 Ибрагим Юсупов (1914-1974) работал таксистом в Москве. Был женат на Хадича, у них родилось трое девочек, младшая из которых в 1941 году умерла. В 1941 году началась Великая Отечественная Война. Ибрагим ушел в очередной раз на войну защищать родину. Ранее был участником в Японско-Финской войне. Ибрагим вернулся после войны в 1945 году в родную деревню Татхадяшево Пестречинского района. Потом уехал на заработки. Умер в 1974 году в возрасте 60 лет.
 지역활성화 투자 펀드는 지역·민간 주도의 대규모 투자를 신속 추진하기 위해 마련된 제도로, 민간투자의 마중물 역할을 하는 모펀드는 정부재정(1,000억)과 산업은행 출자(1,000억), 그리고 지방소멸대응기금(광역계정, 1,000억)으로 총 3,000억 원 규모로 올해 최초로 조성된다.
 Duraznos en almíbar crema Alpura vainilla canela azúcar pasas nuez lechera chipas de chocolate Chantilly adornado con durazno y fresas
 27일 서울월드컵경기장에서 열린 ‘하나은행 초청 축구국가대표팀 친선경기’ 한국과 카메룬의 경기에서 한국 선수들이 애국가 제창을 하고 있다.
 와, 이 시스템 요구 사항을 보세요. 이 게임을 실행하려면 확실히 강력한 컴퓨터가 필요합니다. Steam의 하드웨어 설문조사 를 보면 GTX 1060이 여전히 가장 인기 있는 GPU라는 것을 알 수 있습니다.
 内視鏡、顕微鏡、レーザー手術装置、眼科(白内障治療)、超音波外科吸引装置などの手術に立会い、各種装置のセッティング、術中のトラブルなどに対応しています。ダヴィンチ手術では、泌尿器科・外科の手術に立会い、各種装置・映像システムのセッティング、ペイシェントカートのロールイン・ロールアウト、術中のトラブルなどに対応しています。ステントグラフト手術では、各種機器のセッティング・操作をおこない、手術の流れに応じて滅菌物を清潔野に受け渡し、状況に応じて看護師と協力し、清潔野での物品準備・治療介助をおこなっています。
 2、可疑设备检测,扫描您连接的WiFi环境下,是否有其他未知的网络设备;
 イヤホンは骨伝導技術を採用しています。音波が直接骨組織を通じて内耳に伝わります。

********

Produce an exact transcription of the lines from the one containing "内視鏡、顕微鏡、レーザー手術" through the end of the records, both included, and no other lines.

 内視鏡、顕微鏡、レーザー手術装置、眼科(白内障治療)、超音波外科吸引装置などの手術に立会い、各種装置のセッティング、術中のトラブルなどに対応しています。ダヴィンチ手術では、泌尿器科・外科の手術に立会い、各種装置・映像システムのセッティング、ペイシェントカートのロールイン・ロールアウト、術中のトラブルなどに対応しています。ステントグラフト手術では、各種機器のセッティング・操作をおこない、手術の流れに応じて滅菌物を清潔野に受け渡し、状況に応じて看護師と協力し、清潔野での物品準備・治療介助をおこなっています。
 2、可疑设备检测,扫描您连接的WiFi环境下,是否有其他未知的网络设备;
 イヤホンは骨伝導技術を採用しています。音波が直接骨組織を通じて内耳に伝わります。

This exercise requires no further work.